- _EXERCISE DIRECTIONS_:
Exact copy, no pictures: output each line below as it stands.

- _DATA EXCERPT_:
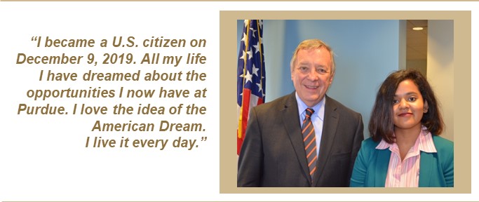 At 13, Aslam immigrated to the U.S. from Pakistan, so studying U.S. government in her American high school was a new concept. “I didn’t understand American politics well. I didn’t grow up with it.” She was fascinated by it and other social studies classes and became politically active through the National Social Studies Honor Society, Rho Kappa. Taking a leap, she decided to major in political science at Purdue, letting go of her family’s lifelong expectation that she would major in pre-med and become a medical doctor.
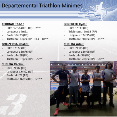 Résultats Départemental Triathlon Minimes à Lyon du 14 décembre 2024 :
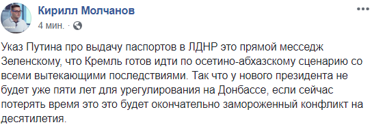 "Указ Путина про выдачу паспортов в ЛДНР - это прямой месседж Зеленскому, что Кремль готов идти по осетино-абхазскому сценарию со всеми вытекающими последствиями. Так что у нового президента не будет уже пяти лет для урегулирования на Донбассе, если сейчас потерять время это это будет окончательно замороженный конфликт на десятилетия", - считает журналист Кирилл Молчанов.
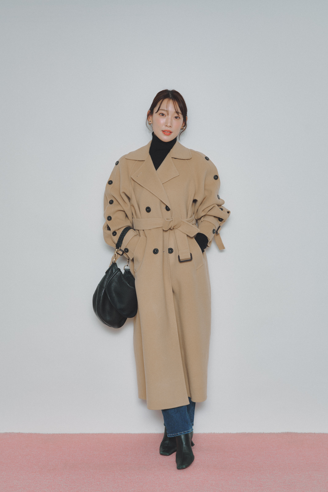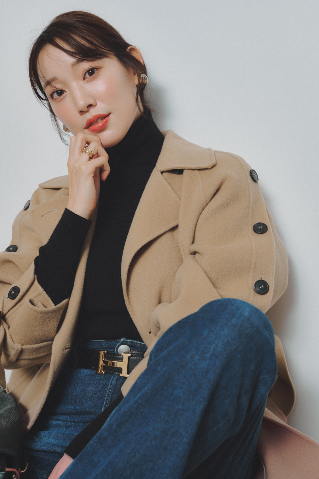 「今季はコンパクトなシルエットが気分で、タートルもデニムもあえて細身で揃えています。王道の組み合わせだからこそ、サイズ感にこだわって今っぽくバランスを調整。マックスマーラのコートはボタンの開け方で肩を見せるアレンジも楽しめるので、まだ夜寒い日にも活躍します」

- _RESULT_:
 At 13, Aslam immigrated to the U.S. from Pakistan, so studying U.S. government in her American high school was a new concept. “I didn’t understand American politics well. I didn’t grow up with it.” She was fascinated by it and other social studies classes and became politically active through the National Social Studies Honor Society, Rho Kappa. Taking a leap, she decided to major in political science at Purdue, letting go of her family’s lifelong expectation that she would major in pre-med and become a medical doctor.
 Résultats Départemental Triathlon Minimes à Lyon du 14 décembre 2024 :
 "Указ Путина про выдачу паспортов в ЛДНР - это прямой месседж Зеленскому, что Кремль готов идти по осетино-абхазскому сценарию со всеми вытекающими последствиями. Так что у нового президента не будет уже пяти лет для урегулирования на Донбассе, если сейчас потерять время это это будет окончательно замороженный конфликт на десятилетия", - считает журналист Кирилл Молчанов.
 「今季はコンパクトなシルエットが気分で、タートルもデニムもあえて細身で揃えています。王道の組み合わせだからこそ、サイズ感にこだわって今っぽくバランスを調整。マックスマーラのコートはボタンの開け方で肩を見せるアレンジも楽しめるので、まだ夜寒い日にも活躍します」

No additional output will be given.